The trapdoor opened and I fell down the well into the liquid.
It’s all about the transformation.

I look down at my skin and see the moonlight reflect off its purple brick like surface. I see the little octagons that my pores have become breathing in the night air. It’s good that they do seeing as I don’t have a mouth anymore. I was a lucky one. My transformation turned out to be beneficial to the military. I’m dwarfstar dense with my human intelligence retained. Nothing manmade can really stand in my way and most conventional projectile weapons can't harm me. I don’t seem to have internal organs. My arms are huge and my legs are thick and short. I still have eyes but they’re hyper sensitive and covered up with military visiongogs.
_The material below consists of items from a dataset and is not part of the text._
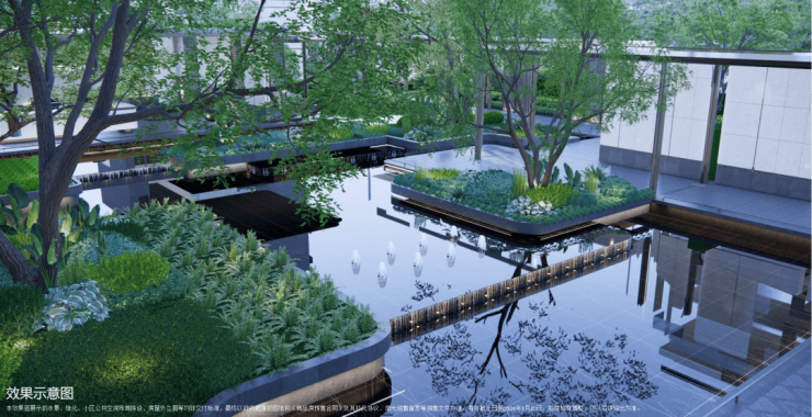 4、下沉式庭院,通过乌桕树、溪流构建一处安静的栖息之境,业主可在这里尽情放空。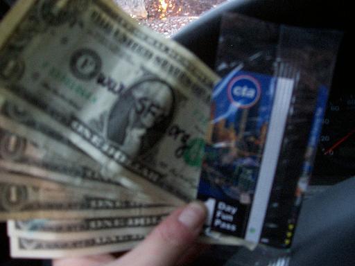 A one-dollar bill for each leg of the journey with the SF0 website written on them, and an all-day CTA bus pass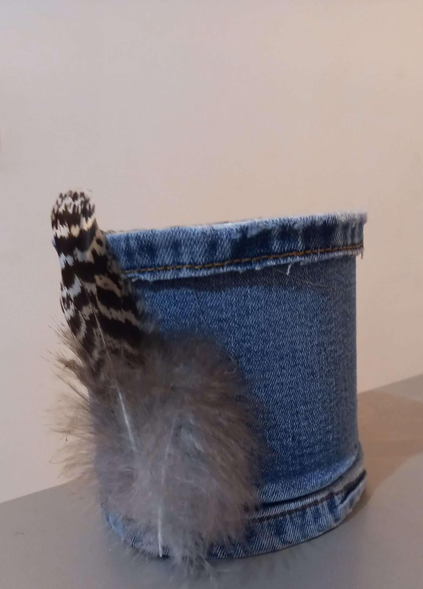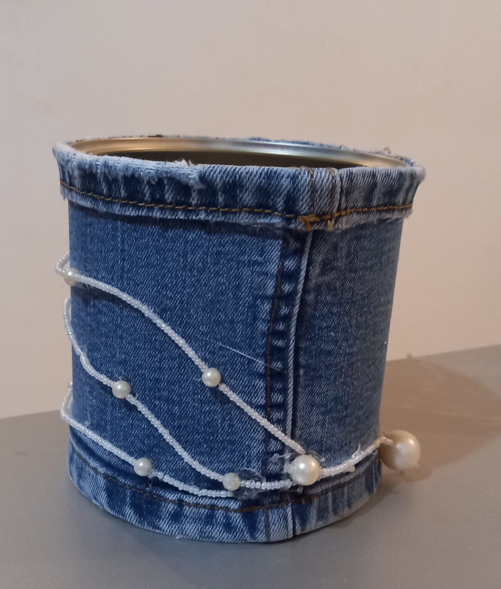 Повеќе наменски украсни кутии , рачно изработени од тексас ( школски или канцелариски прибор, шминки , чешли,саксии за цвеќе итн), внатрешност од алуминиум изработени од тексас, рачна изработка, висина 12 цм

It’s been this way for years now.

I’m standing in the rain in the night time graveyard beside the grave of Dr. Fines. He died two days ago. I can’t define what I’m feeling. We’d talked every now and then but his death was sudden and I didn’t find out immediately. He was my last tie to my humanity. The last person who could remember who I was ‘before’.

I turn and walk away into the night and back to base.